— What needs to be done —
Skip any image you find and restate the rest of the data word for word.

— Entries shown —

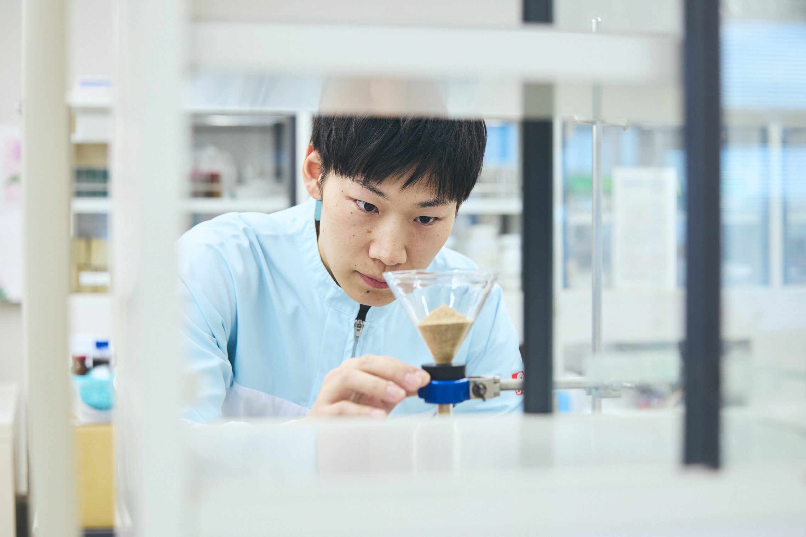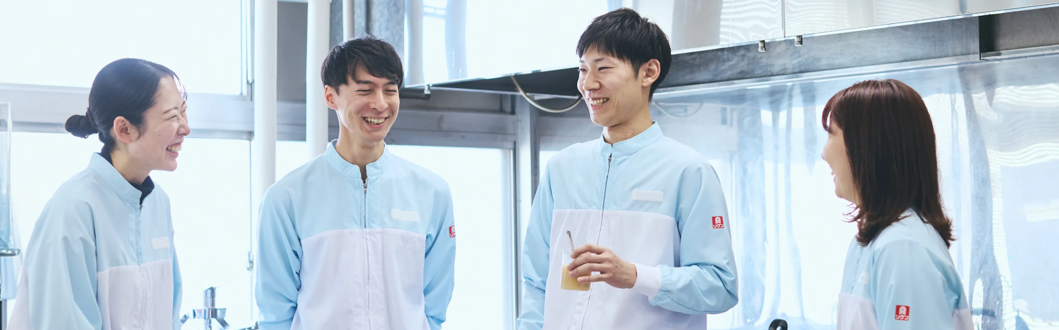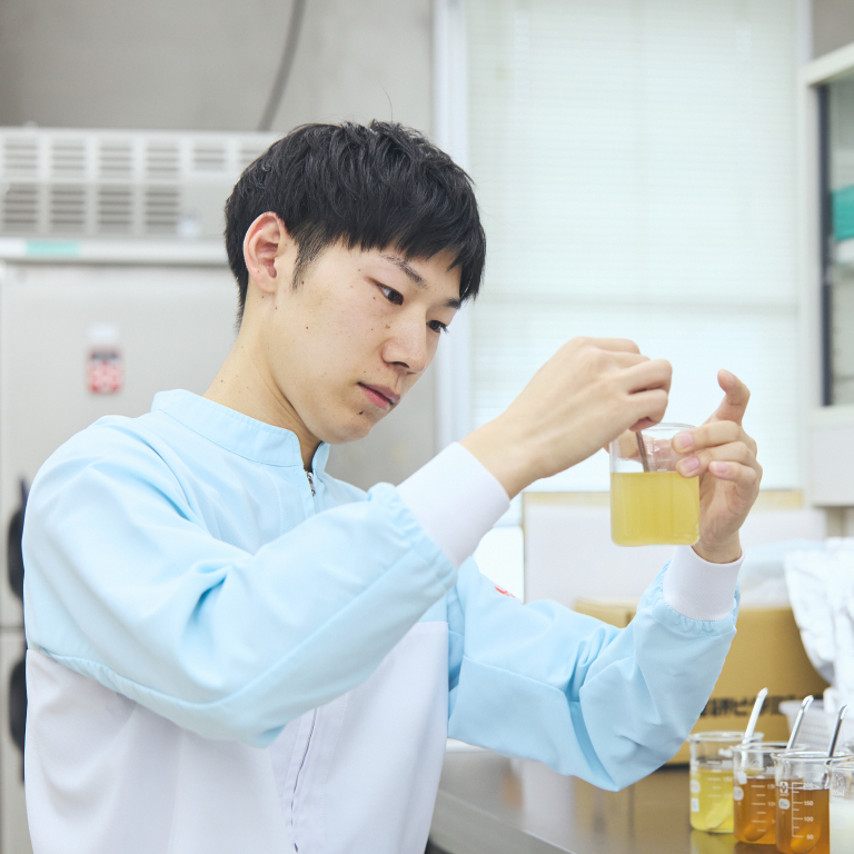 大学院で海洋資源環境学を専攻し、未利用資源の活用について研究していました。就職活動中に出会った、理研ビタミンの企業理念「天然物の有効利用を図る」が、大学院での研究テーマと深く合致し、大きな共感を覚えました。また、食品メーカーでありながら、乳化剤などの食品改良剤や化成品原料、ヘルスケア、海外事業など幅広い領域へ挑戦している点にも魅力を感じました。一つの素材がさまざまな商品へと姿を変え、人々に美味しさや幸せを届けていることが、入社の決め手となりました。
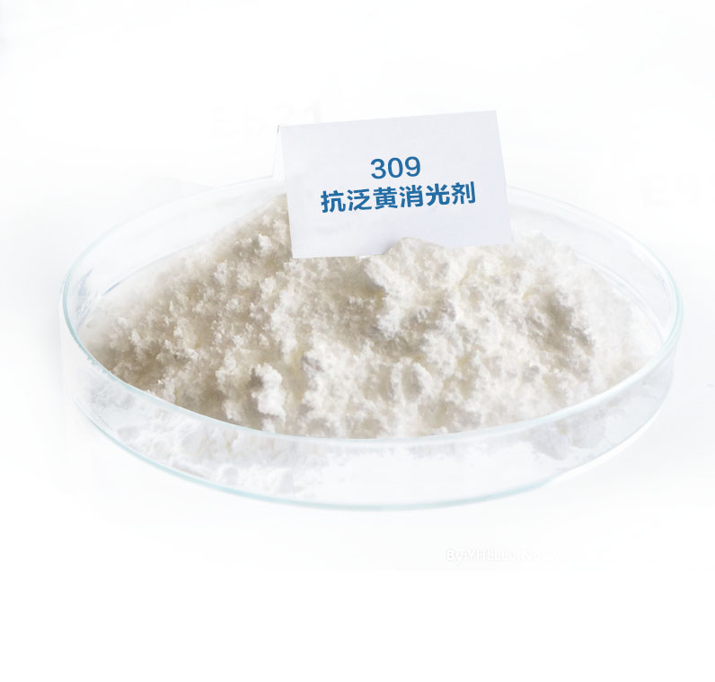 309是一種基于樹脂并與環氧部份固化的新一代抗黃消光劑,其與環氧固化比例約為環氧/308=2-2.5/1,用于環氧聚脂混合型粉末涂料,可提供光澤3%以上的消光。相比傳統的戶內抗黃消光劑。
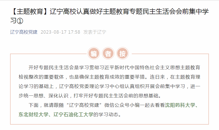 编者按:近日,辽宁高校党建微信公众号对辽宁高校党委理论学习中心组认真组织开展会前集中学习,进一步统一思想、深化认识,打牢开好专题民主生活会前的思想基础进行了宣传,其中对我校党委理论学习中心组举行专题民主生活会会前集体学习研讨作了报道。现将相关报道转载如下:
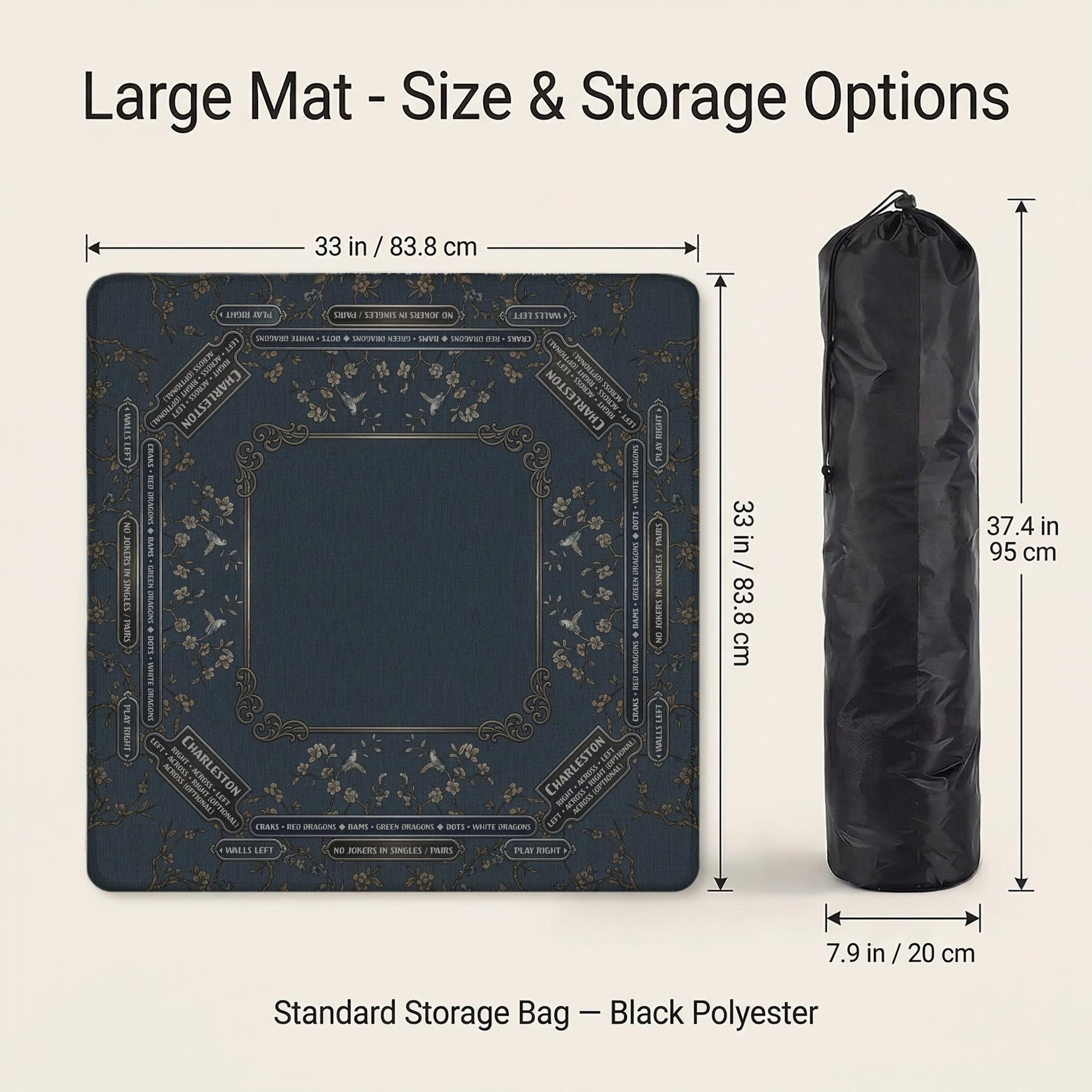 Discover the perfect blend of elegance and functionality with this navy floral mahjong mat, thoughtfully designed for American Mahjong enthusiasts. Featuring a quiet tile playmat surface and a non slip backing, it ensures an enjoyable and stable gaming experience. Whether you're searching for a custom mahjong gift or a timeless game decor piece, this mat brings sophistication and personalization to every game night.
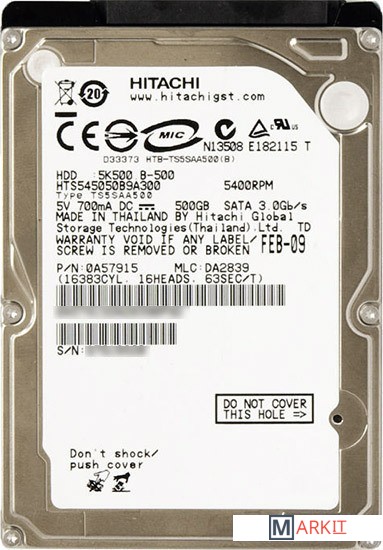 Markit » Жесткие диски » Жесткий диск Hitachi Travelstar 5K500.B 500Гб (HTS545050B9A300)
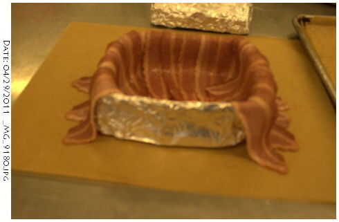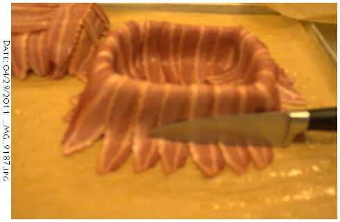 Ahora sobre el regazo su tocino como colocarlo alrededor de la base de su dejar de caja que cuelgan de los extremos del lado
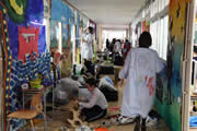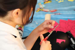「女子美祭」に向けて、女子美生は約半年前から準備を始めています。授業課題の発表やクラブの発表はもちろんですが、本校では「クラスによる教室展示」という企画があります。これは、中1から高3の各クラスが、日頃の成果を「教室展示(お化け屋敷や迷路、ロールプレイングゲームといったアトラクションを手作りします)」という形で発表するものです。教室の数は限られていますので、全てのクラスが「教室展示」できるわけではありません。面白く、楽しく、美しい、オリジナルの企画をたて、実現に向けて様々な試行錯誤を繰り返し、企画案を描きます。
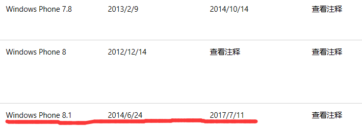 根据微软产品生命周期页面有关Windows Phone各版本支持信息显示,最后Windows Phone 8.1系统将在2017年7月11日结束主流支持。
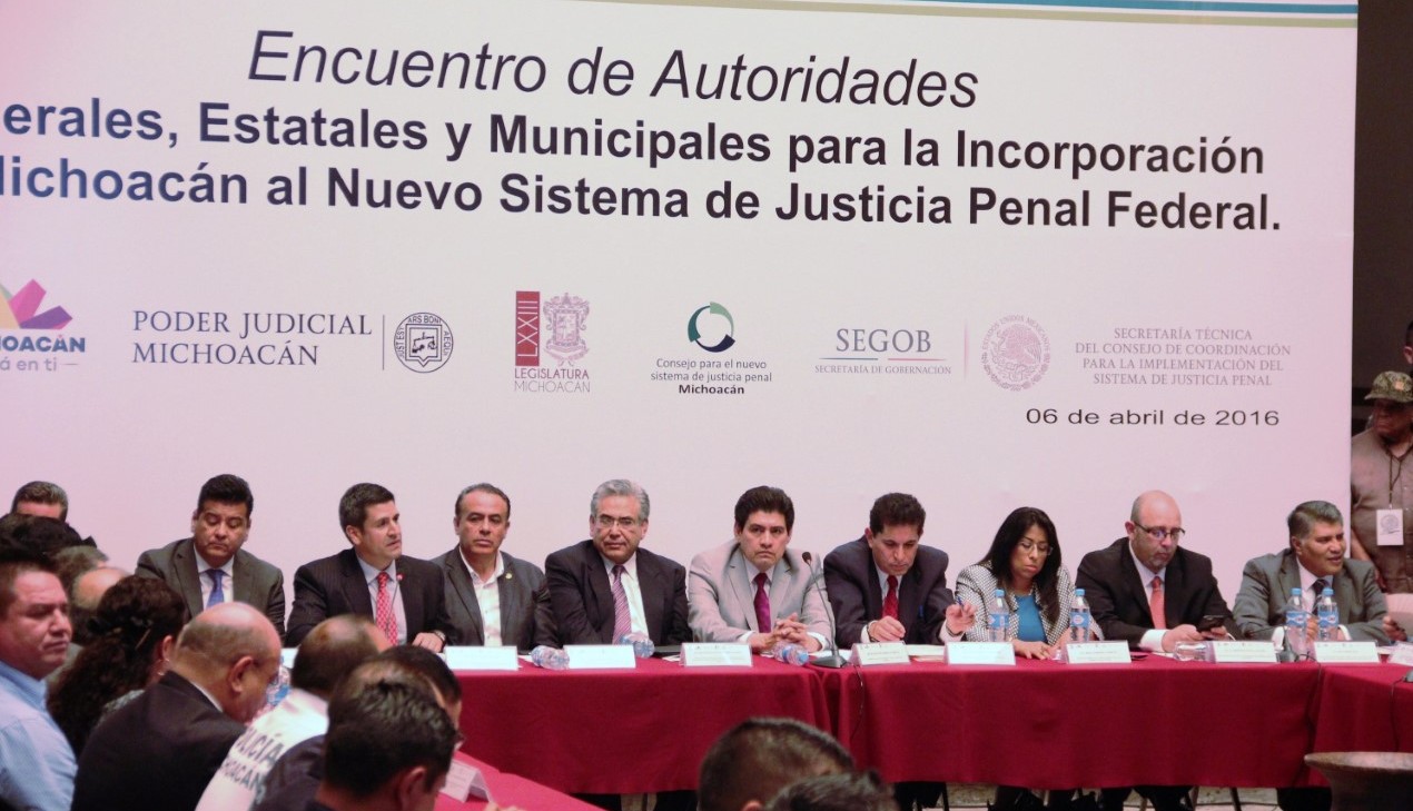 Lo anterior, durante el Encuentro de Autoridades Federales, Estatales y Municipales para la Incorporación de Michoacán al Nuevo Sistema de Justicia Penal, que se llevó a cabo en el Palacio Legislativo con la presencia de los diputados Pascual Sigala Páez Presidente de la junta de Coordinación Política del Congreso del Estado; Juan Bernardo Corona Martínez, presidente de la Comisión de Justicia; así como el Magistrado Moisés Duarte Briz, Coordinador de Magistrados del primer Circuito con sede en Morelia; Magistrado Marco Antonio Flores Negrete, Presidente del Poder Judicial del estado y del Consejo para la Implementación del NSJP; la Delegada Federal de la PGR Bertha Paredes; el Comisario Gral. José Antonio Bernal Bustamante; además autoridades en la materia.

— Answer to this exercise —
 大学院で海洋資源環境学を専攻し、未利用資源の活用について研究していました。就職活動中に出会った、理研ビタミンの企業理念「天然物の有効利用を図る」が、大学院での研究テーマと深く合致し、大きな共感を覚えました。また、食品メーカーでありながら、乳化剤などの食品改良剤や化成品原料、ヘルスケア、海外事業など幅広い領域へ挑戦している点にも魅力を感じました。一つの素材がさまざまな商品へと姿を変え、人々に美味しさや幸せを届けていることが、入社の決め手となりました。
 309是一種基于樹脂并與環氧部份固化的新一代抗黃消光劑,其與環氧固化比例約為環氧/308=2-2.5/1,用于環氧聚脂混合型粉末涂料,可提供光澤3%以上的消光。相比傳統的戶內抗黃消光劑。
 编者按:近日,辽宁高校党建微信公众号对辽宁高校党委理论学习中心组认真组织开展会前集中学习,进一步统一思想、深化认识,打牢开好专题民主生活会前的思想基础进行了宣传,其中对我校党委理论学习中心组举行专题民主生活会会前集体学习研讨作了报道。现将相关报道转载如下:
 Discover the perfect blend of elegance and functionality with this navy floral mahjong mat, thoughtfully designed for American Mahjong enthusiasts. Featuring a quiet tile playmat surface and a non slip backing, it ensures an enjoyable and stable gaming experience. Whether you're searching for a custom mahjong gift or a timeless game decor piece, this mat brings sophistication and personalization to every game night.
 Markit » Жесткие диски » Жесткий диск Hitachi Travelstar 5K500.B 500Гб (HTS545050B9A300)
 Ahora sobre el regazo su tocino como colocarlo alrededor de la base de su dejar de caja que cuelgan de los extremos del lado
「女子美祭」に向けて、女子美生は約半年前から準備を始めています。授業課題の発表やクラブの発表はもちろんですが、本校では「クラスによる教室展示」という企画があります。これは、中1から高3の各クラスが、日頃の成果を「教室展示(お化け屋敷や迷路、ロールプレイングゲームといったアトラクションを手作りします)」という形で発表するものです。教室の数は限られていますので、全てのクラスが「教室展示」できるわけではありません。面白く、楽しく、美しい、オリジナルの企画をたて、実現に向けて様々な試行錯誤を繰り返し、企画案を描きます。
 根据微软产品生命周期页面有关Windows Phone各版本支持信息显示,最后Windows Phone 8.1系统将在2017年7月11日结束主流支持。
 Lo anterior, durante el Encuentro de Autoridades Federales, Estatales y Municipales para la Incorporación de Michoacán al Nuevo Sistema de Justicia Penal, que se llevó a cabo en el Palacio Legislativo con la presencia de los diputados Pascual Sigala Páez Presidente de la junta de Coordinación Política del Congreso del Estado; Juan Bernardo Corona Martínez, presidente de la Comisión de Justicia; así como el Magistrado Moisés Duarte Briz, Coordinador de Magistrados del primer Circuito con sede en Morelia; Magistrado Marco Antonio Flores Negrete, Presidente del Poder Judicial del estado y del Consejo para la Implementación del NSJP; la Delegada Federal de la PGR Bertha Paredes; el Comisario Gral. José Antonio Bernal Bustamante; además autoridades en la materia.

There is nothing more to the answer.